Panel of modern servers in the data center

Panel of modern servers in the data center. Source: Shutterstock

China and US are now in a battle over big data

There have been multiple rounds in the US-China trade and tech standoff – but the true tussle is over who is going to control today’s most valuable resource, big data.

This month, restrictions placed on some of China’s biggest tech firms by the Trump administration is finally set to take effect. TikTok, WeChat, and Huawei are just some of the big names that are set to lose whatever foothold they had gained in the US over the years.

Even more tech firms could be in danger of being shut out of their biggest foreign market. The US government is compounding trade bans by embarking on a ‘Clean Network’ initiative. The move is touted by the Trump administration as “guarding our citizens’ privacy and our companies’ most sensitive information from aggressive intrusions by malign actors, such as the Chinese Communist Party,” according to a statement released by the US State Department.

Protectionism, trade war or tariff war, Washington vs Beijing, financial concept : US dollar and Chinese yuan with two presidents confront each other, depicts retaliation on imports and exports tariff

Locked in a war, and now it’s about data. Source: Shutterstock

The primary aim of the Clean Network roadmap is to safeguard American digital assets like big data from falling into the hands of malicious actors. This is coming on top of the spying and data-sharing allegations that companies like ByteDance’s TikTok and Huawei’s telecommunications businesses have been accused of sharing with the Chinese government.

Protecting these big data assets have become a primary focus of both governments, and they are affecting the business capacities of not just their two local economies, but also countless smaller businesses across many nations that are connected by the vast economic pressure that the US-China axis exerts on their local ecosystems.

Manufacturing behemoth China might cease supplying to other US allies, supply chains can be thrown into disarray or cut off entirely, and the lack of an open ecosystem in which to do business with the two biggest producers of technology could have long-lasting effects for a good many organizations.

Visitors at the China Big Data Expo back in 2018

Visitors at the China Big Data Expo back in 2018. Source: AFP

Just look at China’s semiconductor manufacturing industry. It represents a fraction of the global semiconductor trade dominated by Korean and US firms. But news that China’s largest chipmaker could be added to a US blacklist, which accounts for as much as 50% of its business, sent the firm’s stock price spiraling this week.

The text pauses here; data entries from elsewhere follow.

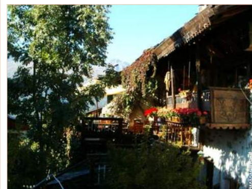
Chalet in Legno di Charme
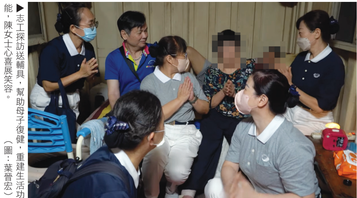
▶志工探訪送輔具，幫助母子復健，重建生活功能，陳女士心喜展笑容。
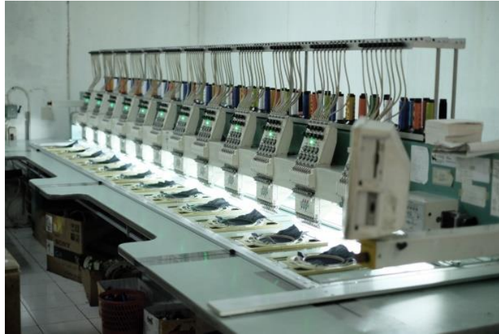
Gambar II. 2 Kantor CV. HUGOGRAPHY (DDF)
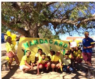
Figura 6 - Gincana cultural com crianças da comunidade à sombra do tamarindeiro em 2018.
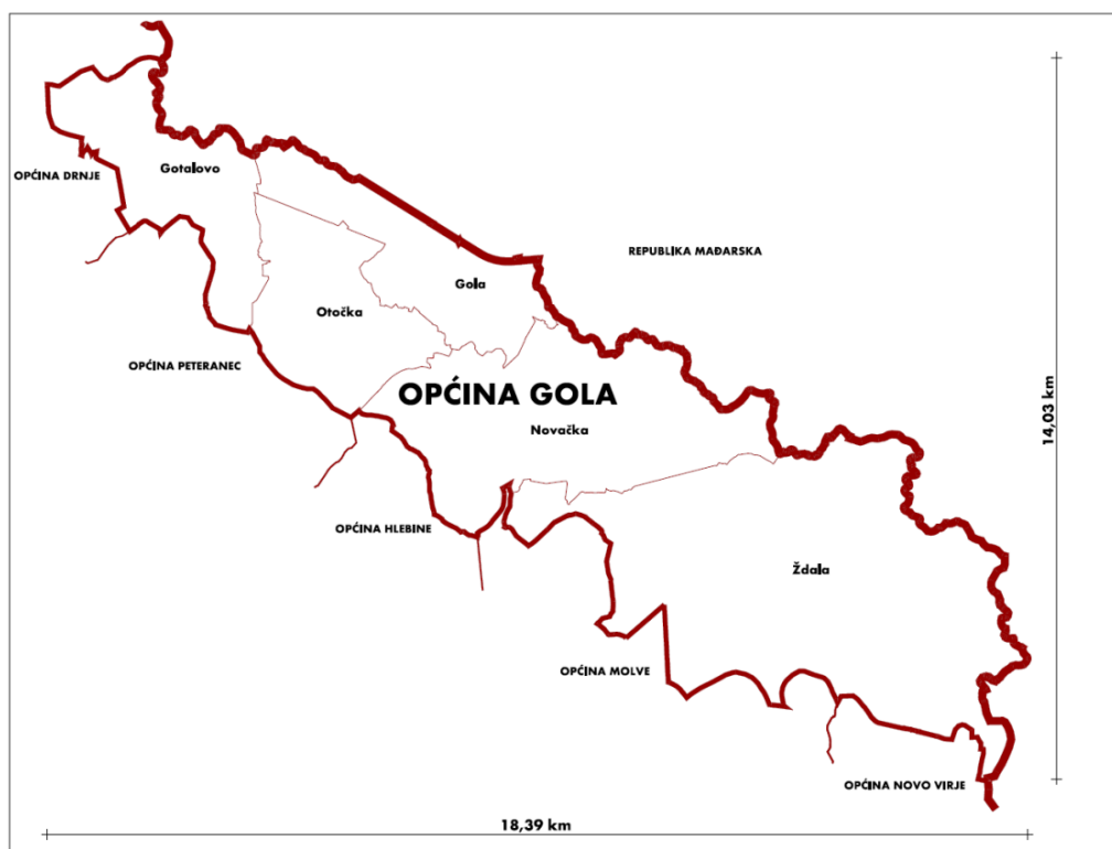
Prikaz 2 Granice naselja unutar Općine

Granice naselja se načelno ne poklapaju s granicama katastarskih općina niti s granicama katastarskih čestica, odnosno postoji mali odmak od katastra koji je vjerojatno tehničke prirode.

Earlier iterations of the trade embargo prevented Google from continuing its profitable operating system deal with Huawei, and this has heavily impacted the viability of Huawei’s once-thriving smartphone unit. More than a third of global smartphone sales originate from just three Chinese handset makers: Huawei, Xiaomi, and Oppo. Could the other two join Huawei on the blacklist soon, unable to leverage Google’s open OS ecosystem?

While TikTok and WeChat strenuously deny the state data-sharing charges, a report by the Australian Strategic Policy Institute says that the popular Chinese social media platforms routinely censor content from sources considered sensitive to the Communist Party.

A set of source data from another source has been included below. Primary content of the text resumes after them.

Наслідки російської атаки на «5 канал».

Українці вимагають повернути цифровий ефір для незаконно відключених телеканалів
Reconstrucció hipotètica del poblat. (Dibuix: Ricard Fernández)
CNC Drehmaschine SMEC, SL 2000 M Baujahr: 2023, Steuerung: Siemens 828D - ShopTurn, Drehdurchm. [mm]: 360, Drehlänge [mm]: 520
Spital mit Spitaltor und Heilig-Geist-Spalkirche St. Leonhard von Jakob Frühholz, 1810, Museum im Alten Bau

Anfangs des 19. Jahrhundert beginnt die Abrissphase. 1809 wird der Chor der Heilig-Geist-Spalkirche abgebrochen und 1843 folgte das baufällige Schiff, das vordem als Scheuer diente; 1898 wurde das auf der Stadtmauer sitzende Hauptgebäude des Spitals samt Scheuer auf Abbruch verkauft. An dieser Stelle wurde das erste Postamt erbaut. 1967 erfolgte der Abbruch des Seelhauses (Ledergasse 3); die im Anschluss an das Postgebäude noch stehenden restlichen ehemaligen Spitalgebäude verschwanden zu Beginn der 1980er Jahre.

Content cited includes posts on protest movements like Black Lives Matter, the pro-democracy protests in Hong Kong, and messages from the US and UK embassies regarding Beijing protests around a new national security law. TikTok also allegedly muted certain LGBTQ hashtags and content sensitive to the US elections coming up in November.

For users in China, not being able to access content from the West is nothing new. China has maintained a closed internet behind the Great Firewall that restricts services like Twitter, Youtube, and Google.

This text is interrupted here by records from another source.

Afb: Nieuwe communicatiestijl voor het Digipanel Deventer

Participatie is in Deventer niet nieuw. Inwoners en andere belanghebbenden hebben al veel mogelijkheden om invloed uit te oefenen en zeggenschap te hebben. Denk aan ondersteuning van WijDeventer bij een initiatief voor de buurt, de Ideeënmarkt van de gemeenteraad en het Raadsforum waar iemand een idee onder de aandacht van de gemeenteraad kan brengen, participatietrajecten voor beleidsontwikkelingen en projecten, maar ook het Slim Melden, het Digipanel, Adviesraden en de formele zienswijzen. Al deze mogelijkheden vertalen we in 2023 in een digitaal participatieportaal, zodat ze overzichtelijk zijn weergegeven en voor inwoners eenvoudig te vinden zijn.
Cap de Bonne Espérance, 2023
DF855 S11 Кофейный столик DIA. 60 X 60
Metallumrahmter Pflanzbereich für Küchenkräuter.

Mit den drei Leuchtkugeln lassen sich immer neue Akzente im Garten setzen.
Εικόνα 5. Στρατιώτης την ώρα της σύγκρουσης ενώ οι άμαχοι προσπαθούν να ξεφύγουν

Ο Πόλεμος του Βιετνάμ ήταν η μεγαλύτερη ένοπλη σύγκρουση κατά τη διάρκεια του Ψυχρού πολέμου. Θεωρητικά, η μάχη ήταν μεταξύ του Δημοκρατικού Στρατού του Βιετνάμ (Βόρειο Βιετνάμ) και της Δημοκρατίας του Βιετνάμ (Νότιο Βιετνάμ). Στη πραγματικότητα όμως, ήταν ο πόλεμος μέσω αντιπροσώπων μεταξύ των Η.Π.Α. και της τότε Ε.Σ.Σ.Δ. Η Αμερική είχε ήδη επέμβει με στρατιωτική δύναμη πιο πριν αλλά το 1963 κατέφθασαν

When reports of the five-pronged Clean Network to restrict access to sensitive US data emerged, Beijing pushed back by unveiling its own eight-part big “data security initiative” which covers, among other things, China’s handling of user data.

The new “initiative” states that Chinese companies will not be asked to transmit international user data to the government, wherever it breaches the regulations of other countries. China also calls on state actors to oppose mass surveillance against other states and to refrain from installing backdoors in their tech products, which can be accessed for illegal big data gathering – all charges which have been leveled at Beijing in the past.

In announcing the new data initiative, Chinese State Councilor and Foreign Minister Wang Yi took a hilarious dig at the Trump administration’s Clean Network.

“A certain country keeps making groundless accusations against others in the name of a ‘clean’ network and uses security as a pretext to prey on enterprises of other countries that have a competitive edge. Such blatant acts of bullying must be opposed and rejected,” said the official without naming the country.

Alibaba’s supremo Jack Ma once said that data is like the new gold. The policies of both governments might aim to shore up their own access to valuable big data, but the ensuing standoff could have far-reaching implications for businesses and governments the world over.